COURT OF APPEALS OF VIRGINIA
Present: Chief Judge Fitzpatrick, Judges Bumgardner and Humphreys
Argued at Richmond, Virginia
OSSIE LEE RICHARDSON
MEMORANDUM OPINION * BY
v. Record No. 2440-00-2 JUDGE ROBERT J. HUMPHREYS
OCTOBER 30, 2001
COMMONWEALTH OF VIRGINIA
FROM THE CIRCUIT COURT OF HENRICO COUNTY
George F. Tidey, Judge
C. David Whaley (Anthony G. Spencer;
Morchower, Luxton & Whaley, on briefs), for
appellant.
Michael T. Judge, Assistant Attorney General
(Randolph A. Beales, Attorney General, on
brief), for appellee.
Ossie Lee Richardson appeals his conviction, after a bench
trial, for possession of cocaine. Richardson contends that the
trial court erred in finding the evidence sufficient to convict
him of the offense. We disagree and affirm his conviction.
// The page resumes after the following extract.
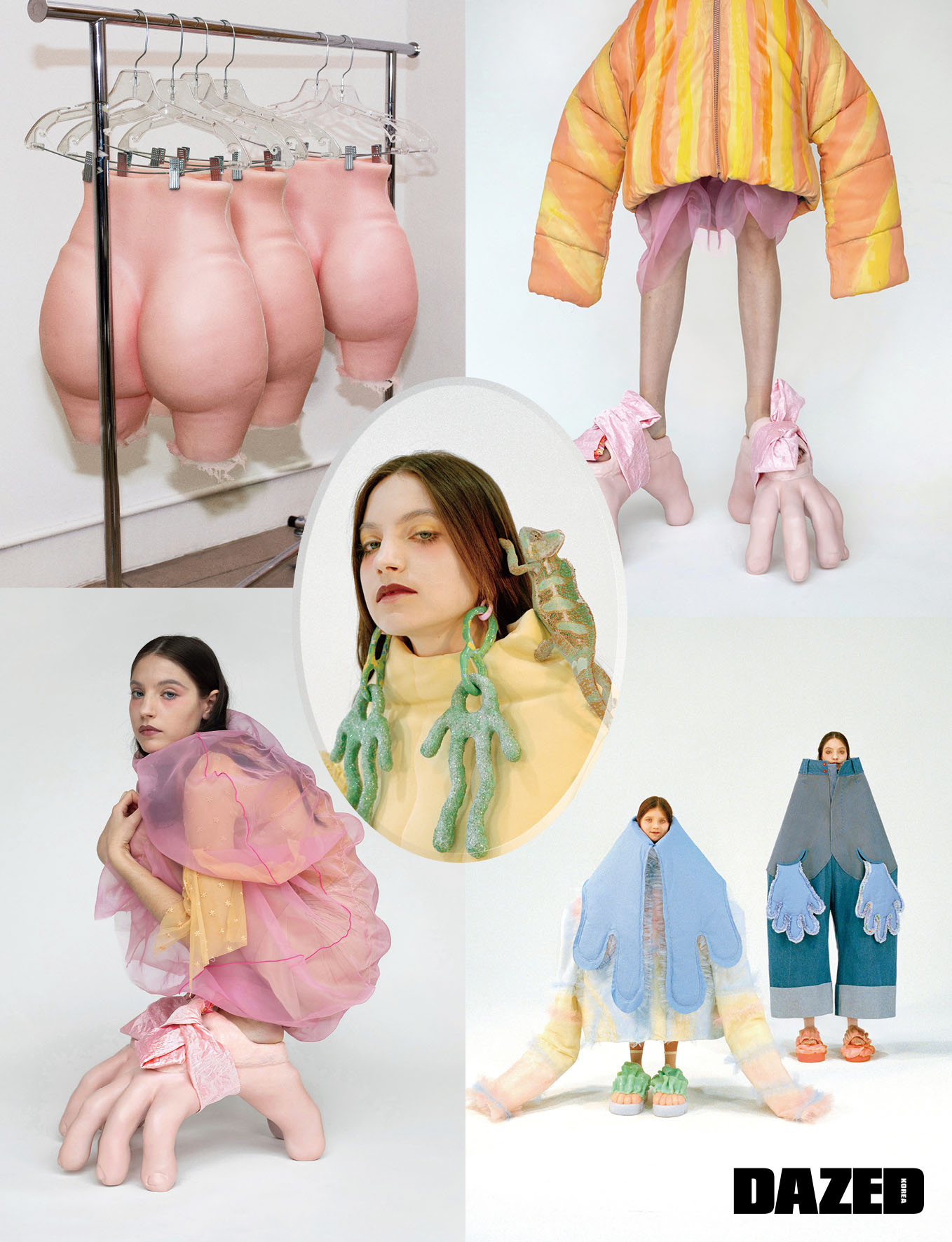 손과 발 형태에서 영감받아 작업을 이어오고 있다. 아기의 발을 거대하게 만든 플랫폼 슈즈 ‘The Fat Baby Shoes’를 시작으로 1년 후 그 연장선 Finger Feet Boots가 탄생했다.

Where the sufficiency of the evidence is
challenged after conviction, it is our duty
to consider it in the light most favorable to
the Commonwealth and give it all reasonable
inferences fairly deducible therefrom. We
should affirm the judgment unless it appears
from the evidence that the judgment is
plainly wrong or without evidence to support
it.
* Pursuant to Code § 17.1-413, this opinion is not
designated for publication.
Higginbotham v. Commonwealth, 216 Va. 349, 352, 218 S.E.2d 534,
537 (1975). Furthermore, "[w]itness credibility, the weight
accorded the testimony and the inferences to be drawn from proven
facts are matters to be determined by the fact finder, and the
trial court's judgment will not be disturbed on appeal unless it
is plainly wrong or without evidence to support it." Sapp v.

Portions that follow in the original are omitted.